Failures Can Occur at Any Scale

Werner Vogels, VP and CTO at Amazon, famously stated “Everything fails, all the time.” This principle influences cloud computing architectural design because failure should be assumed, not treated as an unlikely aberration.

Failures can be categorized into three types:

Small-scale events: A single server stops responding or goes offline
Large-scale events: Multiple resources are affected, perhaps across Availability Zones within an AWS Region
Global scale events: Widespread failure affecting a large number of users and systems

Avoiding and Planning for Disaster

Organizations use three primary approaches to handle disasters:

Fault Tolerance

Provides redundancy when it can withstand failure of individual or multiple components
Examples include hard disks, servers, or network connectivity failures
Production systems typically have defined uptime requirements

Backup

Critical to protecting data and ensuring business continuity
Essential challenge: data generation pace grows exponentially while local disk density and durability growth rates lag behind
Must keep critical data backed up in case of disaster

Disaster Recovery

Preparing for and recovering from any event with negative impact on business continuity or finances
Disasters include hardware/software failure, network outages, power outages, physical building damage
Can be caused by human error or other significant events
Set of policies and procedures for recovering vital technology infrastructure and systems

Factors Influencing Disaster Planning Strategies

Four key factors businesses must consider:

Time Dependency

How quickly does this need to be remedied to avoid business impact?

Data Loss

What amount and type of data is acceptable to lose?

Geographic Location

Does this impact multiple AWS Regions? Do different Regions require different recovery measurements?

Cost

Does the cost represent the correct level considering business impact and risk?

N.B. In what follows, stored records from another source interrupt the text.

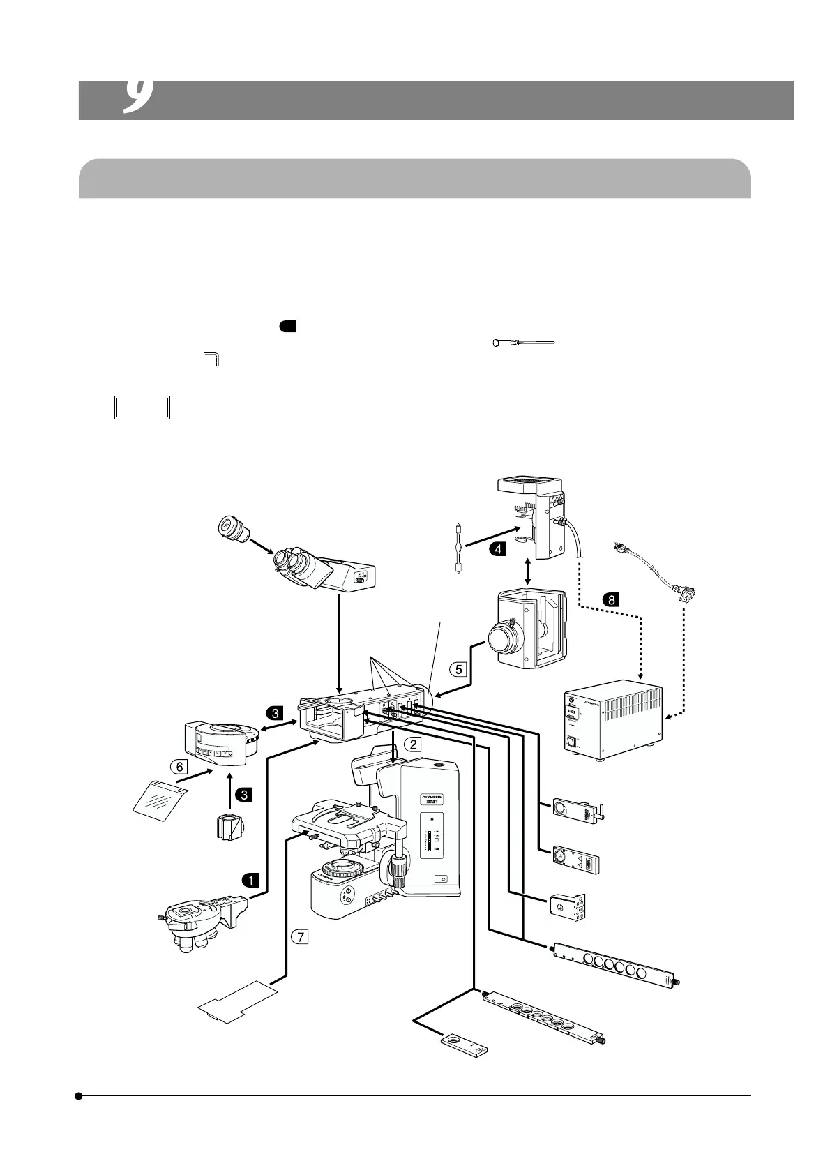 }All assembly operations are possible by using the Allen screwdriver ( ) provided with the microscope. The
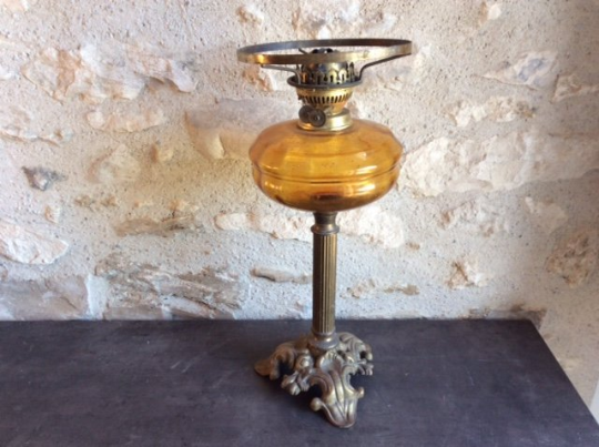 Antique French Oil Lamp on Brass Rocco Support & Amber Glass Reservoir
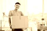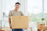 Happy cheerful ethnic male in casual clothes carrying cardboard box and looking at camera on moving day with cartons and drawing easels on blurred background
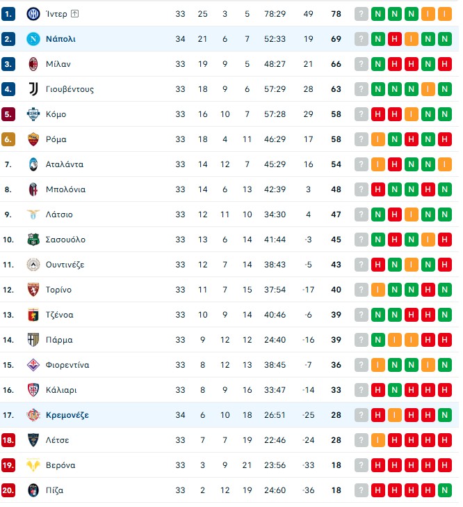 ΚΡΕΜΟΝΕΖΕ: Αουντέρο, Μπασιρότο, Μπονατσόλι, Φλοριάνι(46’ Τσέρμπιν), Λουπέρτο(61’ Φολίνο), Πετσέλα, Παγιέρο, Μποντό(46’ Γκράσι), Μαλέ(78’ Μπαρμπιέρι), Τερατσιάνο, Οκερέκε(46’ Φαντεπούτε)

Customers work with cloud architects to define acceptable data loss in disaster recovery scenarios. Consider whether losing older customer records would be catastrophic or tolerable based on their current revenue contribution.

Recovery Point Objective (RPO)

RPO Definition

RPO is the maximum acceptable amount of data loss after an unplanned data-loss incident, expressed as an amount of time.

Example RPO Calculation

Determine acceptable loss: maximum 800 records
Calculate existing patterns: no more than 100 records created per hour
Calculate RPO: 8 hours (8 × 100 records)
Result: If disaster occurs at 10 p.m., system should recover all data from before 2 p.m.

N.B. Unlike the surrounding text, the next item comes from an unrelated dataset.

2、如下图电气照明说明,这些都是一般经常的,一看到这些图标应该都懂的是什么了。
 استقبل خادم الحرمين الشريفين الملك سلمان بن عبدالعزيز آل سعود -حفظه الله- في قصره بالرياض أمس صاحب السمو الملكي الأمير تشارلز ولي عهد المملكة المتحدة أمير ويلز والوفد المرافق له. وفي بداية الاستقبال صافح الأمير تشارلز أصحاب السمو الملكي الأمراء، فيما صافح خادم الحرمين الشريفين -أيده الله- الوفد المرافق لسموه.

Recovery Time Objective (RTO)

RTO Definition

RTO is the maximum acceptable amount of time after a disaster strikes that a business process can remain out of commission.

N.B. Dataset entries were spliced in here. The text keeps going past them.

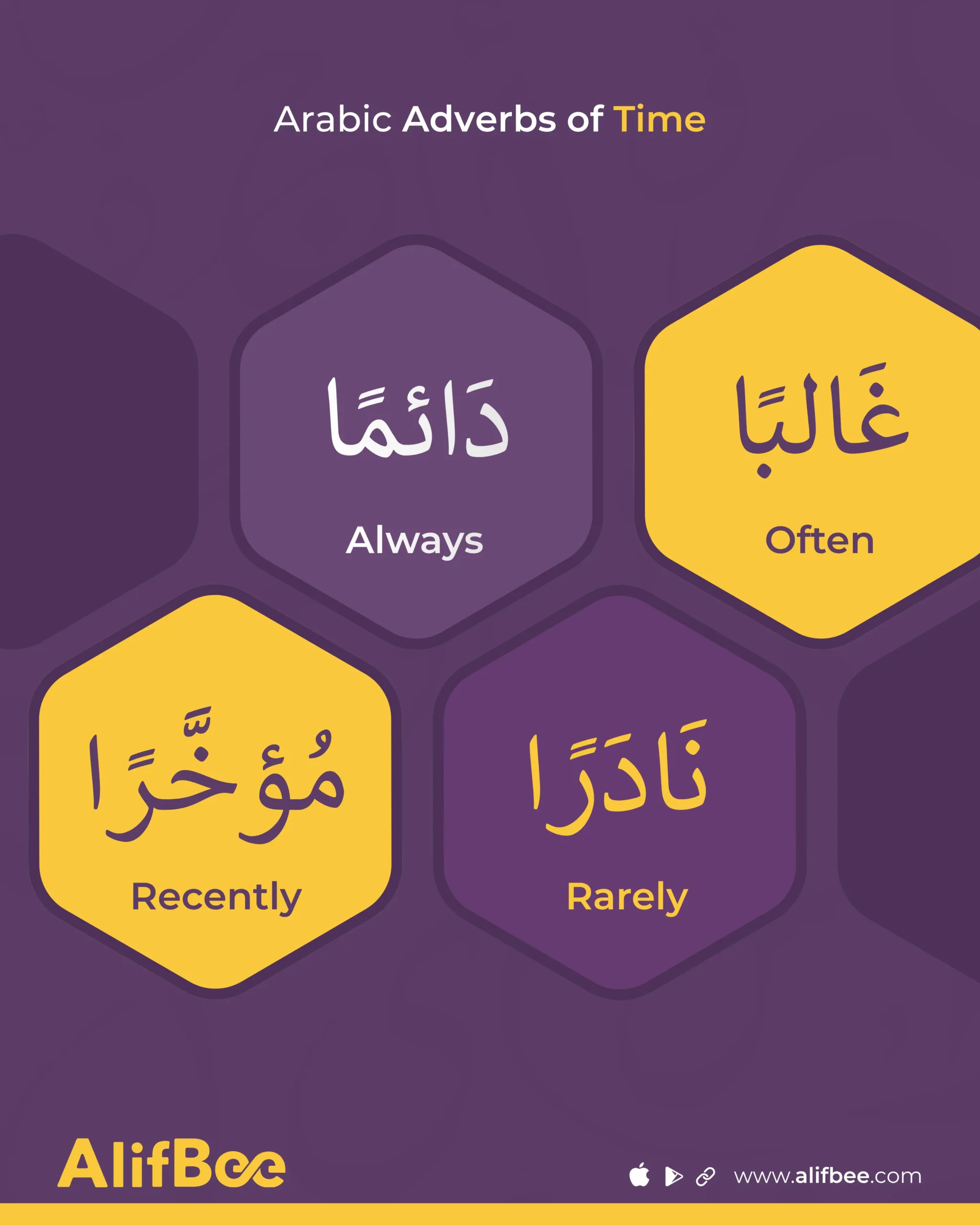 However, it is important to note that while Arabic adverbs of time generally indicate when an action occurs, some also express the frequency or regularity of the action, as do frequency adverbs in English.
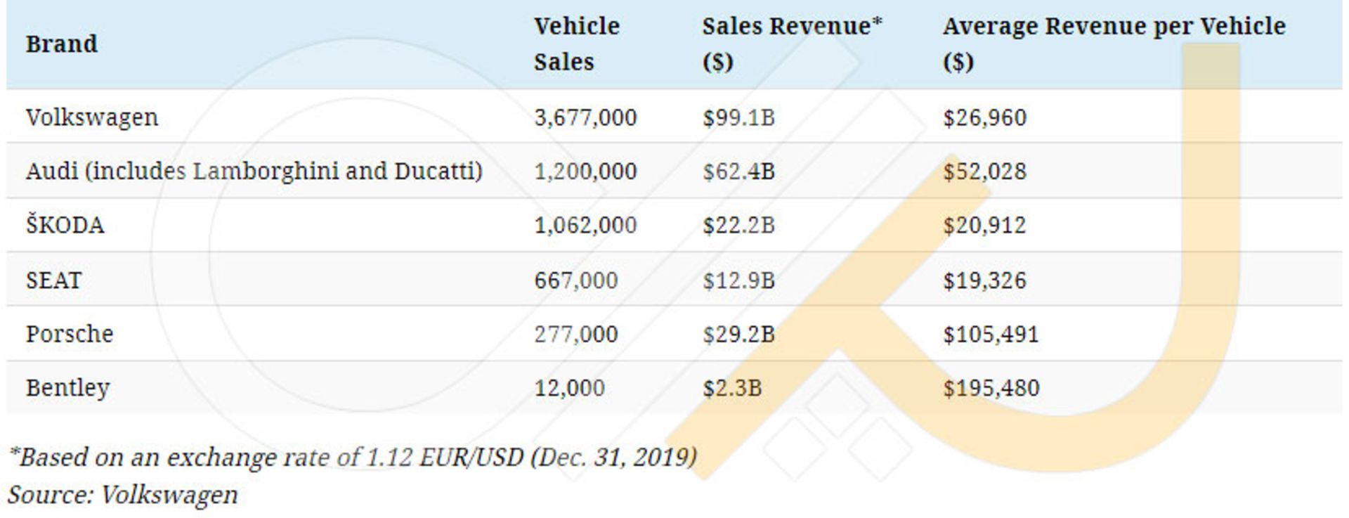 البته دیدن گروه فولکسواگن در صدر این لیست سورپرایز کننده نیست زیرا برخی از برندهای زیرمجموعه آن یعنی لامبورگینی، آئودی، پورشه، بنتلی، بوگاتی و... جزو سودده ترین شرکتها هستند. تویوتا اما برندهای بسیار کمتری داشته و محصولات خود را با دو برند اصلی تویوتا و لکسس به فروش میرساند. درآمد تویوتا همچنین تقریباً دو برابر رقیب هموطن خود یعنی هوندا (4537.67 دلار) بوده است.
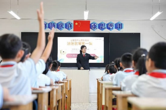 近日,吉林省四平市鐵西區(qū)人民法院依托法治副校長工作機制,攜手四平市陽光實驗小學(xué)舉辦了一場生動的“開學(xué)第一課”,通過與同學(xué)們互動問答、角色扮演等形式,為青少年健康成長營造良好法治環(huán)境,不斷提升青少年群體的法治素養(yǎng)。圖為法官與同學(xué)們在課堂上進(jìn)行互動交流。(記者 孫兵 通訊員 任青陽)
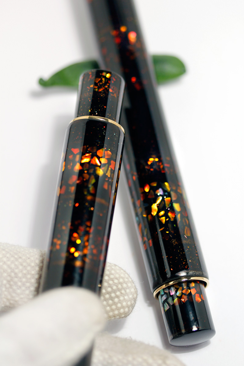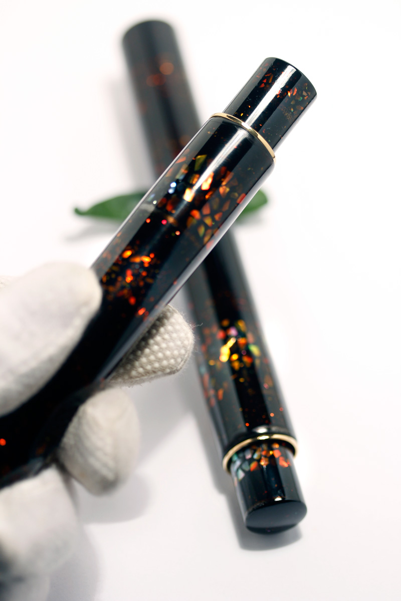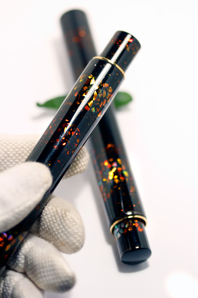 Tame-Raden-Nuri Aogai Lit. mother of pearl, Ra = Mother of Pearl, Den = Sprinkle, Tame = final coat of transparent "sakari-urushi" lacquer
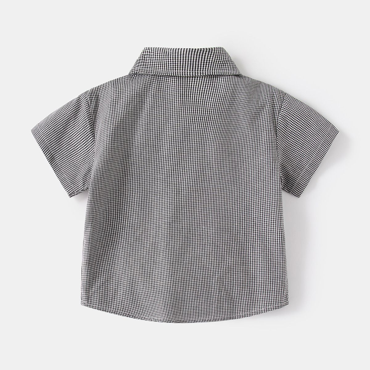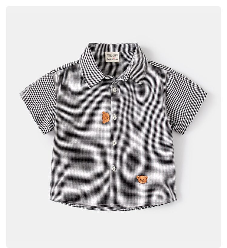 WELLKIDS - 純棉休閒翻領短袖襯衫-小熊領帶-白色
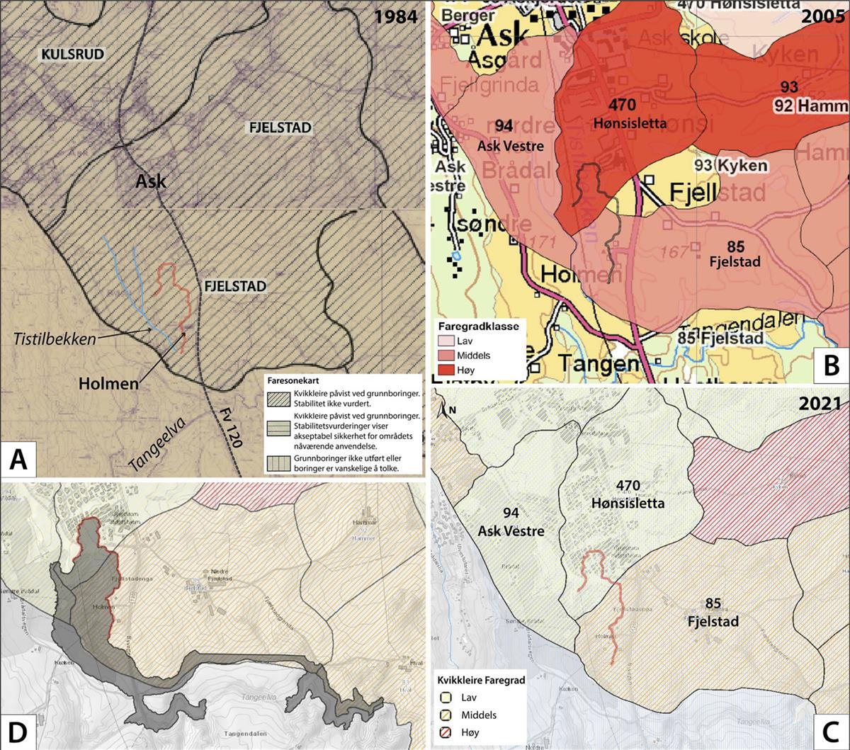 Figur 5.12 A-C: Faresonene i Ask-området har blitt endret både mht. areal og faregrad etter 1984 (NGI 1984; NGI 2005; NVE 2021b). Lenker til faktaark for sonene slik de vises i dag er i vedlegg 3. Bakkanten til løsneområdet er tegnet inn på farekartene. D: Faresonene i Ask-området med løsne- og utløpsområde for skredet 30. desember 2020. Kilde NVE.

Companies decide on acceptable RPO and RTO based on financial impact when systems are unavailable, considering:

Loss of business due to downtime
Damage to reputation from lack of system availability

Example RTO Calculation

Ticketing service for local music venue
Business calculates revenue loss begins after 2 hours of outage
Calculate RTO: 2 hours acceptable
Result: If disaster occurs at 9 p.m., system should be restored by 11 p.m.

Business Continuity Plan (BCP)

A BCP is a system of prevention and recovery from potential threats to a company, consisting of:

Business impact analysis
Risk assessment
Disaster recovery plan
Evaluated and determined RPO and RTO

Your disaster recovery plan should be a subset of your organization’s BCP. Maintaining aggressive disaster recovery targets is pointless if workload objectives cannot be achieved due to disaster impact on external business elements.

Key Takeaways

Failures can occur at any time on small, large, or global scale
A disaster recovery plan helps limit business and customer impact when disasters occur
RPO is the maximum acceptable amount of data loss after an unplanned data-loss incident
RTO is the amount of time an application, system, and process can be down without causing significant business damage
A BCP is a system of prevention and recovery from potential threats that includes RPO and RTO

Disaster planning strategies provide the foundation for understanding how organizations can prepare for and respond to various types of failures. The key is balancing recovery objectives with cost considerations while ensuring business continuity.